Adamle also brought Jake, who, at a nine years old, is already an experienced cadaver dog. “I brought him along so that he could work a couple scenarios just to keep him sharp,” Adamle said.

For centuries, law enforcement agencies and militaries around the world have utilized dogs to track scents because of their profound sense of smell, with approximately 220 million olfactory receptors in their noses compared to 5 million in those of humans. Dogs can determine the direction from which a scent is traveling thanks to highly sensitive skin receptors that allow them to feel the moisture on their noses being evaporated by air currents.

“It doesn’t matter what scent you teach the dog; cadaver, narcotics, bomb work, it doesn’t matter,” said Adamle. “It’s all a game to them. They don’t get depressed. All they want is their reward. They work for a paycheck.”
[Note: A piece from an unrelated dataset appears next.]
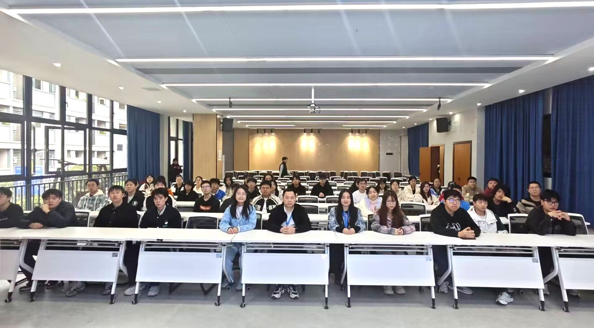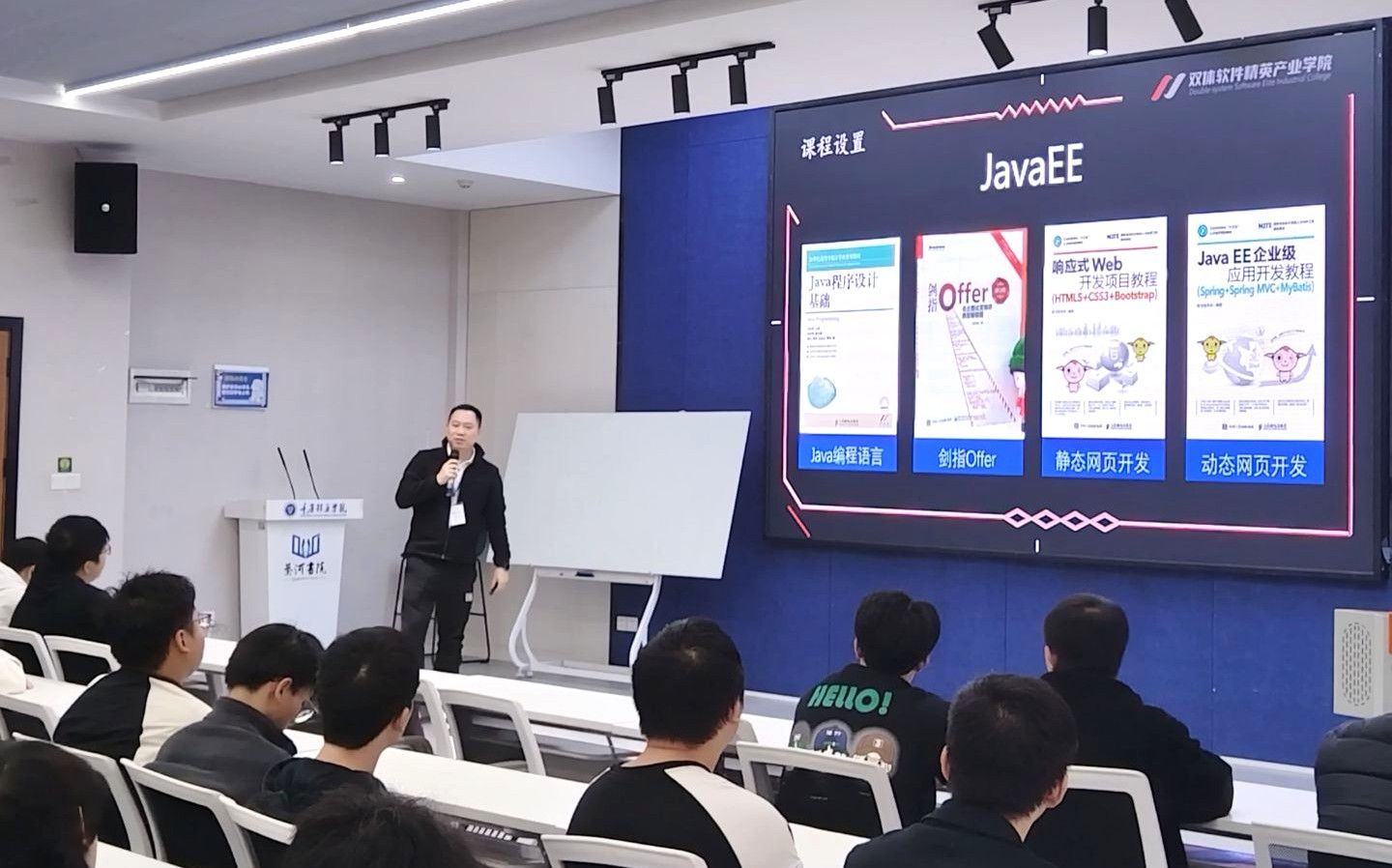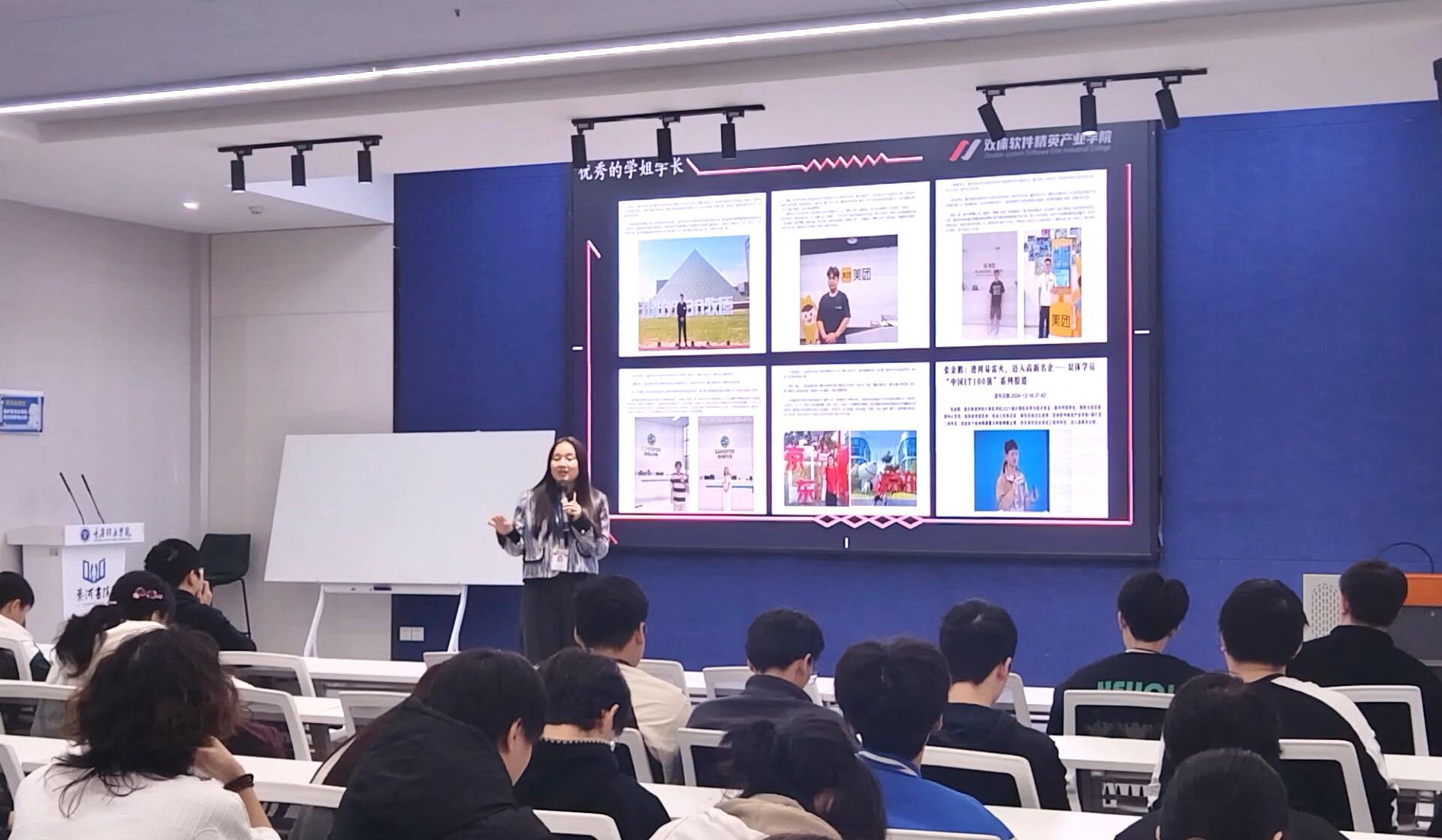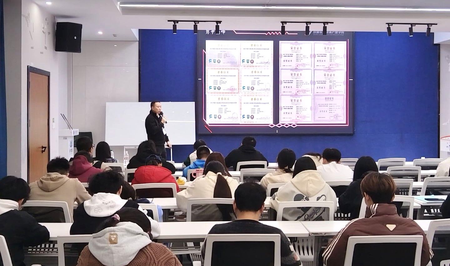 2025年11月10日,计算机学院“爬山虎计划”第三十三期活动在綦河书院·观涛多功能报告厅顺利举行。本期活动以“技术深耕,职场赋能”为主题,特邀高级职场关键能力培训师罗帮春、高级软件开发培训师杨怡担任主讲,围绕双体软件及产业学院特色、就业形势分析、简历优化与课程体系等内容展开深度分享,为计算机专业学子搭建了技术提升与职场衔接的桥梁。活动现场互动频繁,气氛热烈。

Paul Martin, a graduate of WCU’s forensic anthropology program, founded the university’s cadaver dog training program in 2011 and currently serves as its program coordinator. After handling his first dog in 1997, Martin has specialized in human remains detection and recovery with canines since 2000. He is currently working with his third, fourth and fifth cadaver dogs.

The WCU cadaver dog training program holds workshops every fall and spring, with each workshop divided into two courses. The level one course ran from May 15 – 17 with a $399 enrollment fee while the level two course took place May 20 – 22 at a cost of $449.
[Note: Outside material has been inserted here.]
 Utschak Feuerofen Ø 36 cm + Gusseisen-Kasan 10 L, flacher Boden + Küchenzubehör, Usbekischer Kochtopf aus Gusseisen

While open to anyone, the program is not intended for casual hobbyists but for professionals. Any dogs participating in the level one course must have had a minimum of six months prior training and must know their trained final response, what their handlers have trained them to do when they smell human decomposition and locate its strongest source. A cadaver dog’s trained final response is typically to bark, sit or lie down.

The level one course is designed to introduce handlers and their dogs to large sources of human decomposition odor that they may not have been exposed to before, such as a full body, as well as help them understand the decomposition process and scent movement throughout an environment.

The level two course involves a number of outdoor search scenarios designed to reinforce the dog’s trained final response to large sources of human decomposition odors. One of these involves the dogs locating graves in a cemetery along the Tuckaseegee River, where the handlers are also exposed to ground-penetrating radar technology.

Another scenario was set up by Brad Dennis, the director of search operations for the KlaasKIDS Foundation’s Search Center for Missing and Trafficked Children based out of Pensacola, Florida.

In Dennis’ real-world scenario, handlers and their dogs must traverse unfamiliar woodland terrain near the WCU campus, searching for hidden items that are imbued with the scent of human decomposition. While the dogs can detect the scents from far away, the goal of the course is for them to locate the source of the odors and grow accustomed to zeroing in on the largest quantity

“It’s really amazing to watch the progression that the dogs working that area make throughout the day,” Martin said, “from being a little bit hesitant and not wanting to give its full trained final response to, by the end of the day, offering those trained final responses without any prompting by the handler.”

Since offering the first cadaver dog training course at WCU in May 2011, Martin has received many letters from handlers who went on to conduct searches for human remains and make successful recoveries with their dogs.

“One handler in particular,” Martin recalled, “everybody on her team, the law enforcement that she worked with, they were just amazed how the dog actually took them all the way to the remains and gave that trained final response there at the remains.”

Greg Cole, a retired captain of the Gulf County Sheriff’s Office in Port St. Joe, Florida, has trained dogs for military and law enforcement since 1976. He began working with cadaver dogs about 13 years ago and served as an instructor in the WCU workshop this past week.

“I was honored to come out here and help at Western Carolina University,” said Cole. “Best cadaver dog training program in the country.”